UNIT 3: LOCATING TRANSPORTATION DATA
Written by Val Noronha, Digital Geographic Research Corporation, Mississauga Ontario, Canada (email@example.com)
Transportation data are used in a widening variety of applications, e.g. to “spot” customers in marketing studies, ttrack emergency vehicles and to optimize delivery routes. Recently it has become possible to monitor traffic volumes and speeds on highways, and to pass advisory messages to dashboard computers in vehicles. This emerging technology is Intelligent Transportation Systems (ITS), formerly Intelligent Vehicle/Highway Systems (IVHS).
It is useful to think of five components of transportation data:
- the coordinates of the street centerline (a polyline);
- the name or label of the centerline, e.g. “Erin Mills Parkway
- address ranges on either side of the road;
- topological connectivities — whether adjacent links are accessible
- attributes (e.g. pavement quality, speed limit, traffic volume;
data on landmarks and facilities such as restaurants are increasingly stored as attributes in conjunction with street network data). With these data, one can:
- construct a map on screen or hardcopy from a digital database;
- using the street name, orient oneself on the map;
- geocode an address, i.e. determine the coordinates of “421 Erin Mills Parkway;
- determine an optimal route — shortest, quickest, scenic, easiest
- perform advanced analyses, e.g. schedule road maintenance, optimize the use of a vehicle fleet to pick up and deliver goods, model the consequences of closing a major traffic artery at rush hour, etc.
The availability and quality of data are critical to the success of an application. When the required data are not available, surrogate data are often used, e.g. one might use drive distance rather than drive time to compute the quickest route between points. It is important to understand the limitations of the analyses when data are substituted in this way.
To acquire data appropriate to a transportation application, the student must first understand the different types of data used, then survey the market critically to find the product most appropriate to his needs.
A medical emergency is called in to a 911 center. Emergency personnel need ...
There are two components to the problem:
- to know the precise location of the incident;
- to determine the available vehicle that could respond most quickly, and the treatment facility that could be reached most quickly from the incident location;
- to recommend routes to the ambulance driver if required, and to determine alternate routes in the event of congestion or some other unanticipated situation.
Accordingly, two kinds of data are required: (1) street names, address ranges and landmarks, and (2) drive-distance or drive time attributes,and topology. The example is analogous to home delivery for a department store chain or pizza outlet, or a car pooling problem.
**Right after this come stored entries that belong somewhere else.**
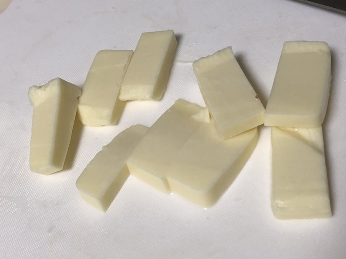 まずはチーズを一口大に切って
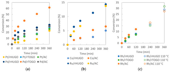 Conversions as a function of time over (a) Pt and Pd catalysts, (b) Co and Ru catalysts, and (c) Rh catalysts (empty dots indicate increase in reaction temperature from 80 °C to 110 °C after 60 min in case of testing Rh catalysts) (reaction conditions: CAL, isopropyl alcohol, 80/110 °C, 1 MPa, and 6 h).
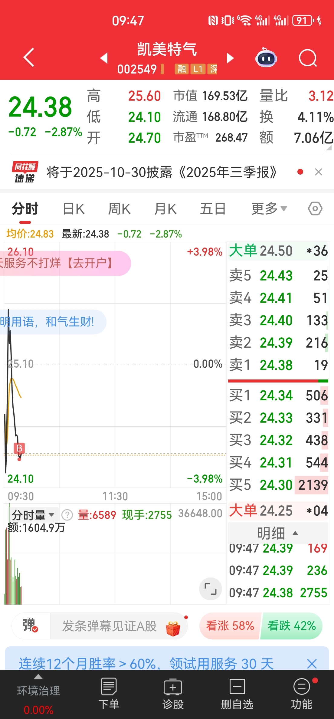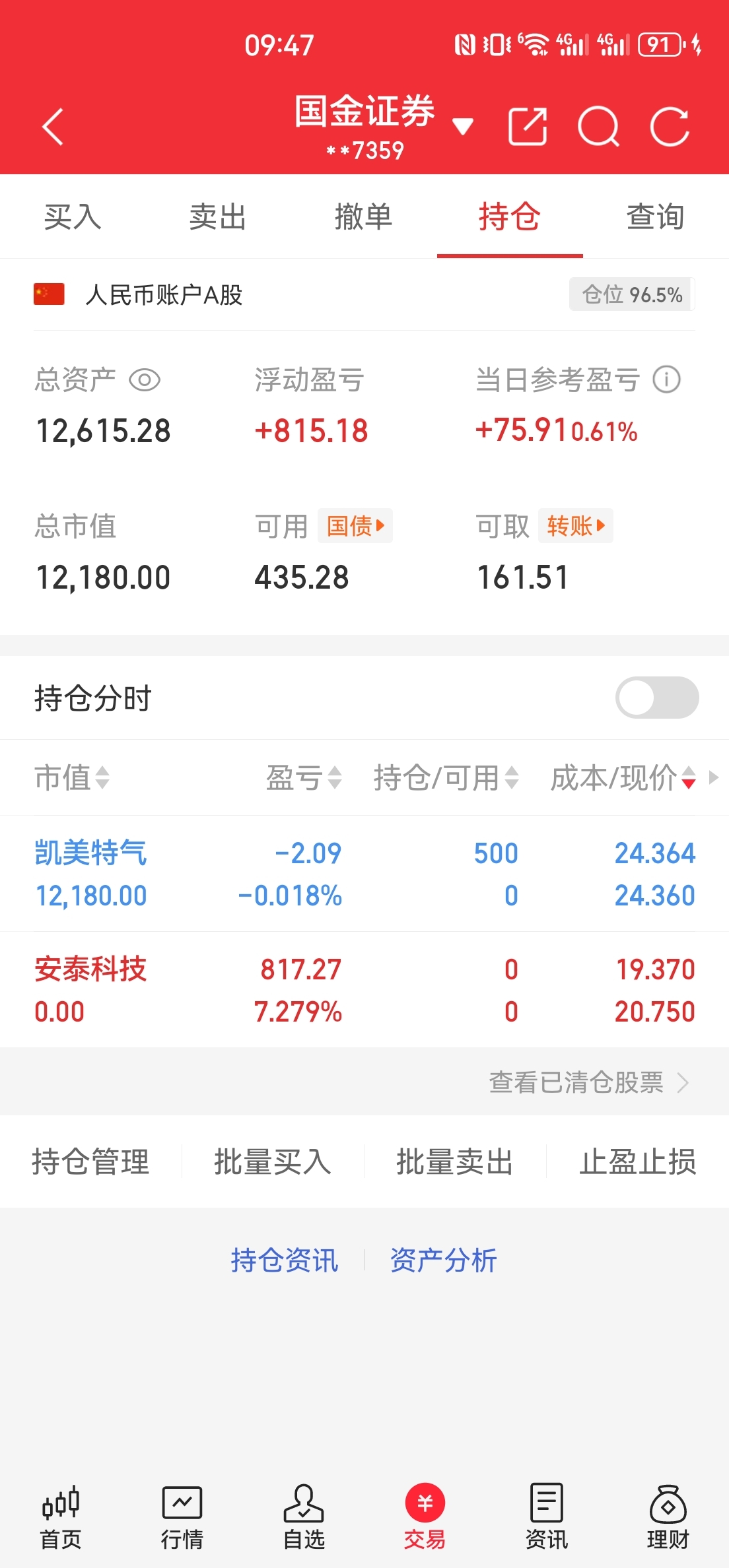 一万到一百万第二天,安泰科技微红走了,-3买入凯美特气
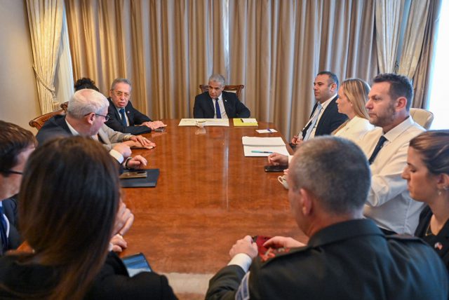 לשכת ראש הממשלה יאיר לפיד, מפרסת הבוקר את ישיבת ההכנה, לקראת פגישתו עם נשיא ארצות הברית ג'ו ביידן. תמונה מעין זו מופצת על ידי הדוברים, כך עשה גם נתניהו ומעניין להשוות את ההבדלים בין התמונות.
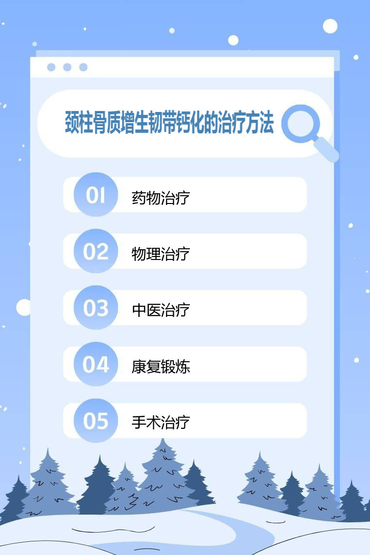 颈椎骨质增生韧带钙化的治疗方法有药物治疗、物理治疗、中医治疗、康复锻炼、手术治疗等。
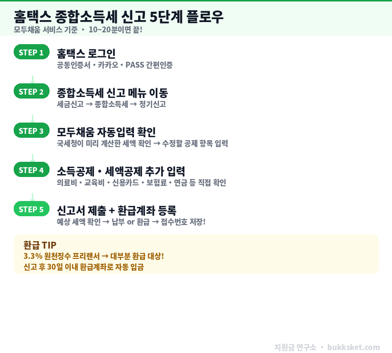 ▲ 홈택스 종합소득세 신고 5단계 플로우 (모두채움 기준)
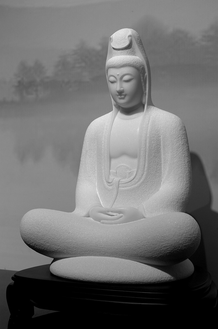 漢白玉娑婆三圣-觀世音菩薩39cm
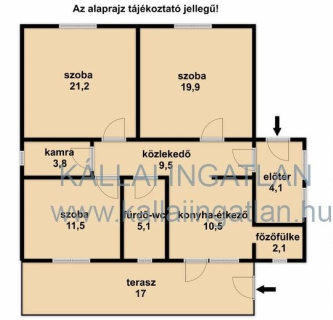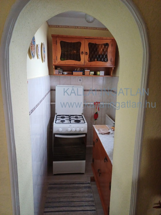 Elosztása: előszoba, közlekedő, főzőfülke, konyha-étkező, kamra, három külön nyíló szoba, fürdő-WC egy helyiségben.
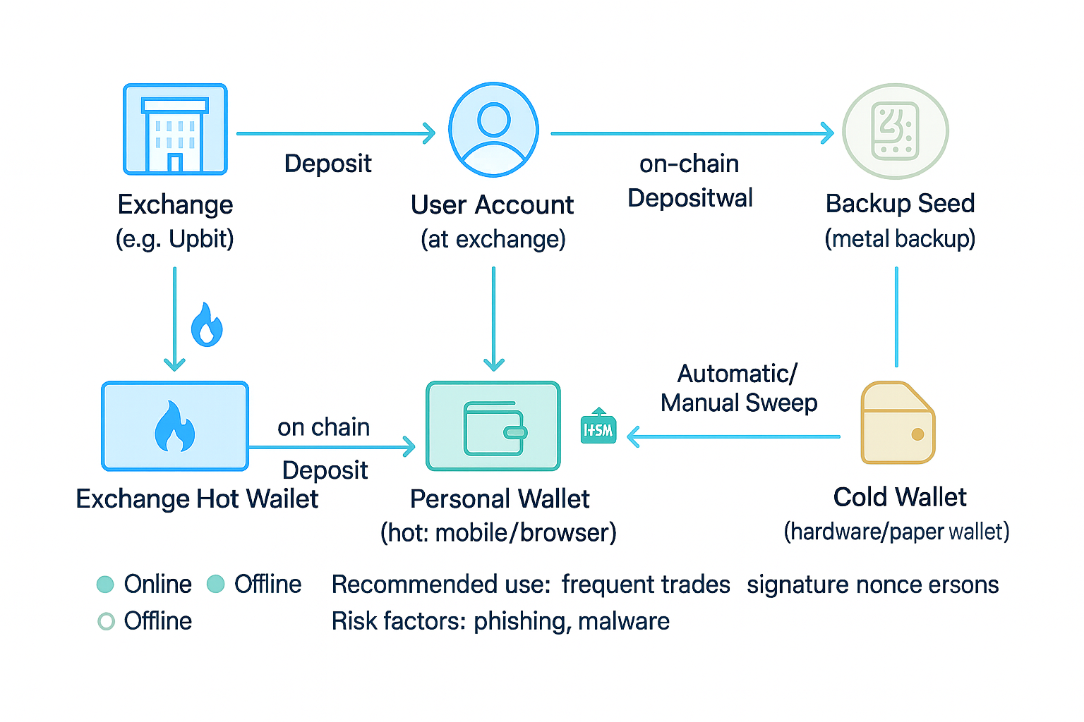 | 거래소 보관 | 거래소 | 상시 온라인 | 편의성·복구 수월 | 거래소 리스크·출금 지연 |
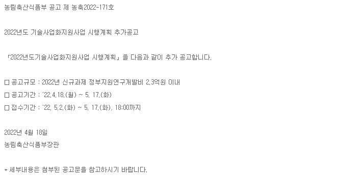 농림식품기술기획평가원, 2022년도 기술사업화지원사업 시행계획 추가 공고
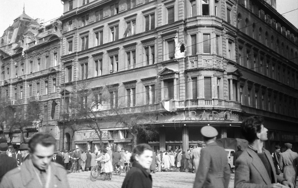 Lövésnyomok a Híradó mozi épületén a Lenin körút és a Dohány utca sarkán
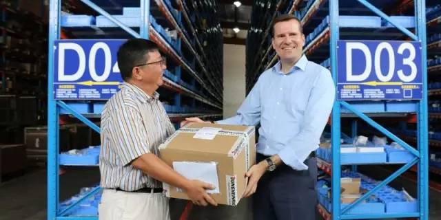 启动仪式上,畅联物流总裁徐峰先生带领永恒力一行参观了分拨中心并作了简要介绍。随后,永恒力亚太区零配件分拨中心工作人员完成了一系列订单检索、分拣货物、扫描、打包等订单处理流程后,徐总将永恒力分拨中心的第一个包裹亲手交到Markus Zoller先生手上。由此,永恒力亚太区零配件分拨中心正式启用,将服务于永恒力亚太地区所有的销售机构和渠道。
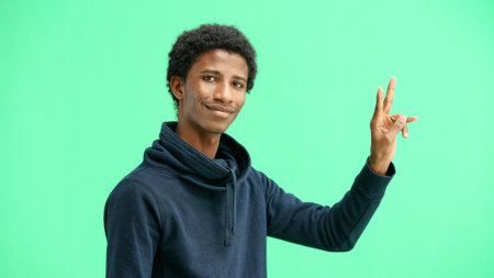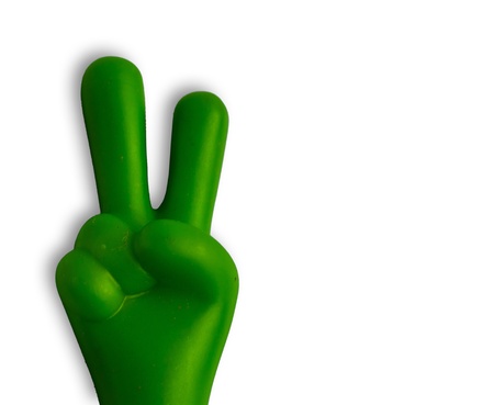 Male hand on green background shows hand sign, victory gesture.
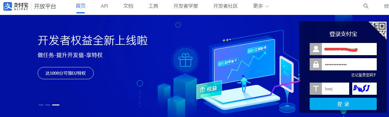 (1)登陸支付寶小程序官網(wǎng):https://open.alipay.com/ 點擊“登錄支付寶”,申請入駐支付寶的開放平臺,點開發(fā)接入。
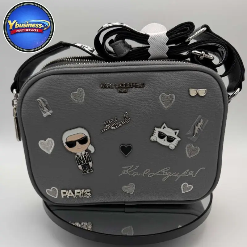 Karl Lagerfeld Grey Crossbody Bag - Luxury Cosmetic Bag with Unique Design and Colorful Pattern for Travel
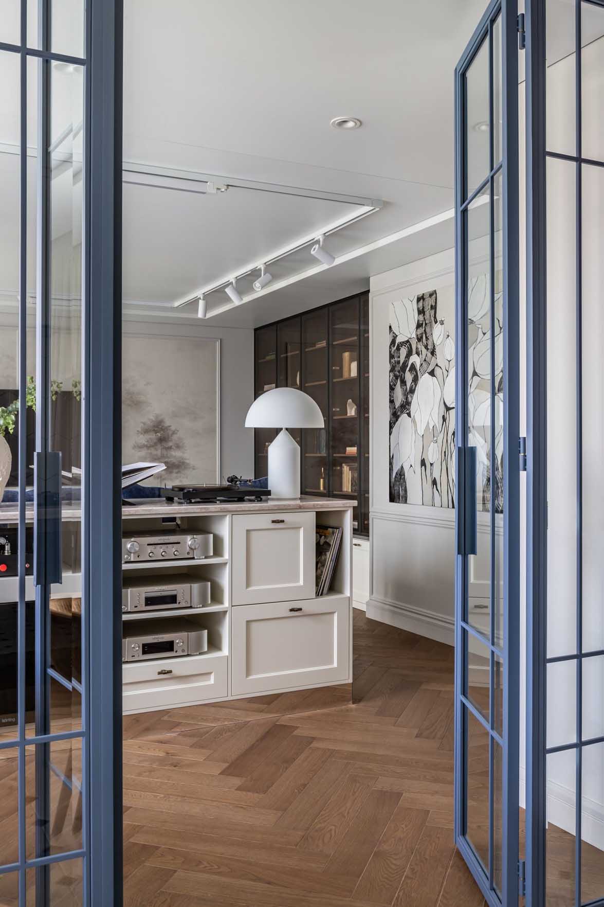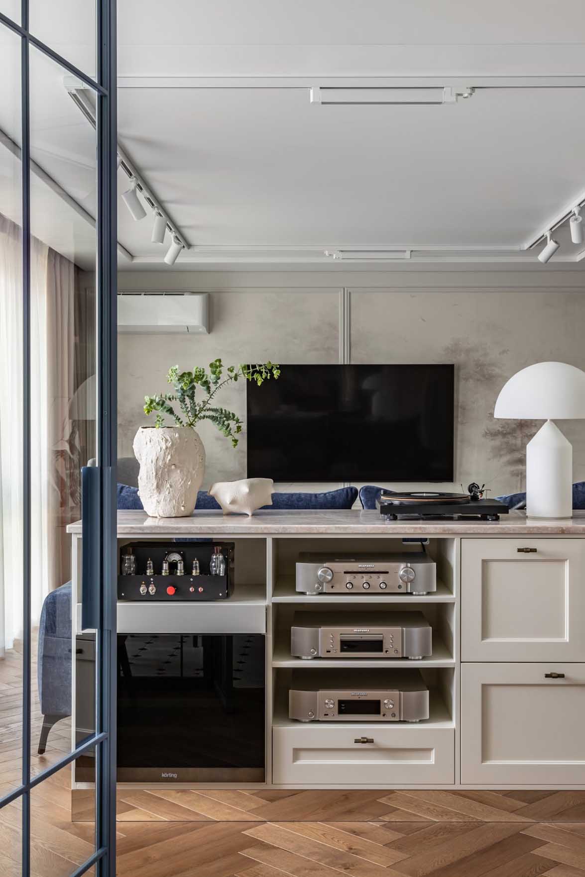 A lakás tervezési koncepciójának egyik legfontosabb eleme a kifejezetten a megrendelő igényeire szabott Hi-Fi médiakonzol volt. Ez a bútordarab nem csupán tároló, hanem technikai központ is: helyet kapott benne a csöves erősítő, a lemezjátszó, a bakelitgyűjtemény, sőt egy borhűtő is. A tervező különös figyelmet fordított a kábelmenedzsmentre; a hangfalakhoz futó vezetékeket már a szerkezetkész állapotnál a falba és a padlóba rejtették, így a látvány makulátlan maradt.
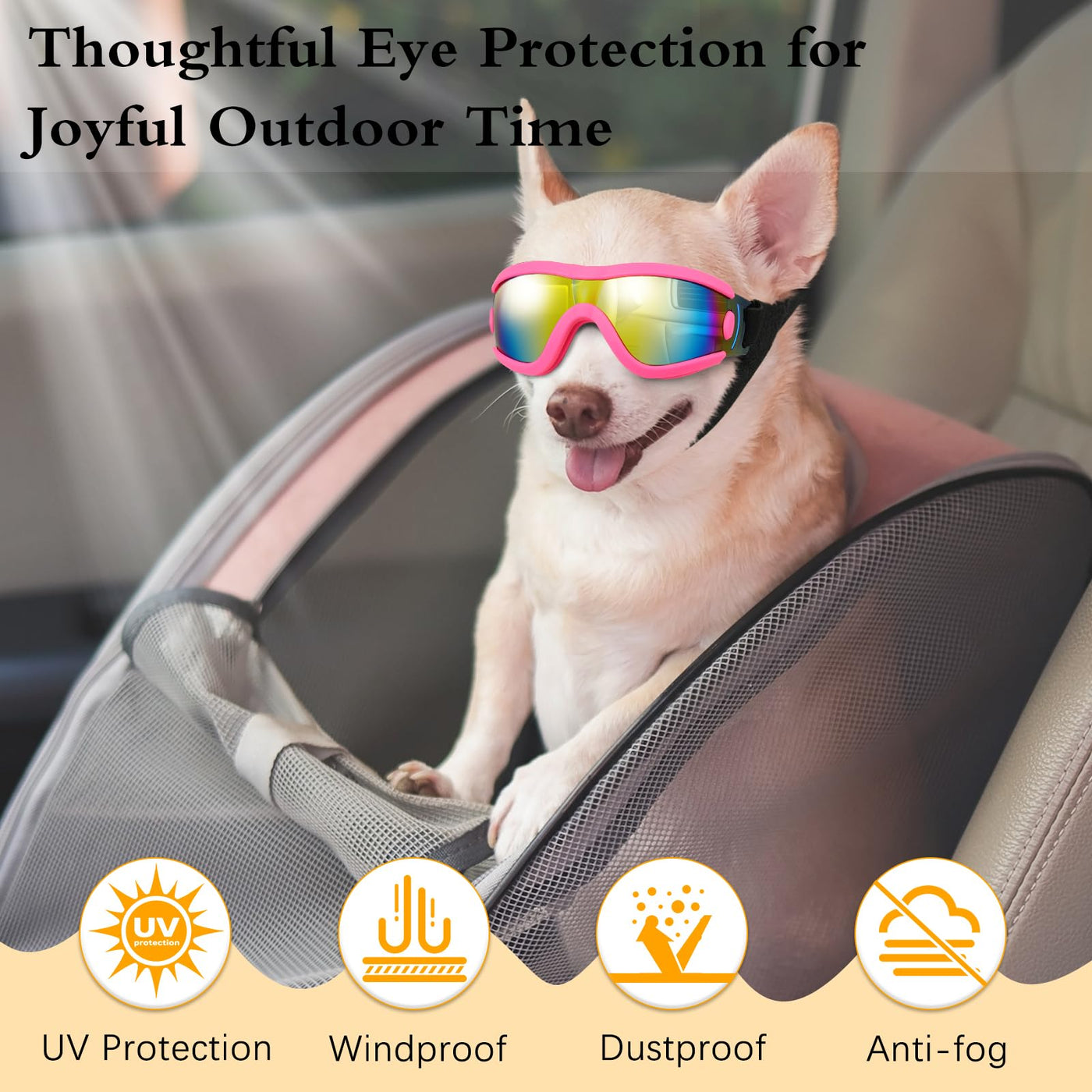 Lewondr Dog Goggles Small To Medium Breed, Dog Sunglasses With Adjustable Straps & Air Vents, Uv/Wind/Dust/Fog/Snow Proof Dog Ey
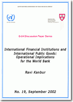 G-24 Discussion Paper No.19 by Ravi Kanbur Downloads INTERNATIONAL FINANCIAL INSTITUTIONS AND INTERNATIONAL PUBLIC GOODS: OPERATIONAL IMPLICATIONS FOR THE WORLD BANK (UNCTAD/GDS/MDPB/G24/19) 22 Jan 2003 English Sign up for our Insights newsletter. Get trusted intelligence on global trade, the economy and development in your inbox. Subscribe RelatedSeriesG-24 Discussion Papers (Series)

- to geocode the incident location
- to compute shortest routes
The GIS technician will identify and evaluate possible sources of data, taking into consideration origin and quality of the data, and impact on results. He will perform the address matching and route optimization operations as well, but the technical details of these are beyond the scope of this unit.
The following list describes the expected skills which students should master for each level of training, i.e. Awareness/Competency/Mastery.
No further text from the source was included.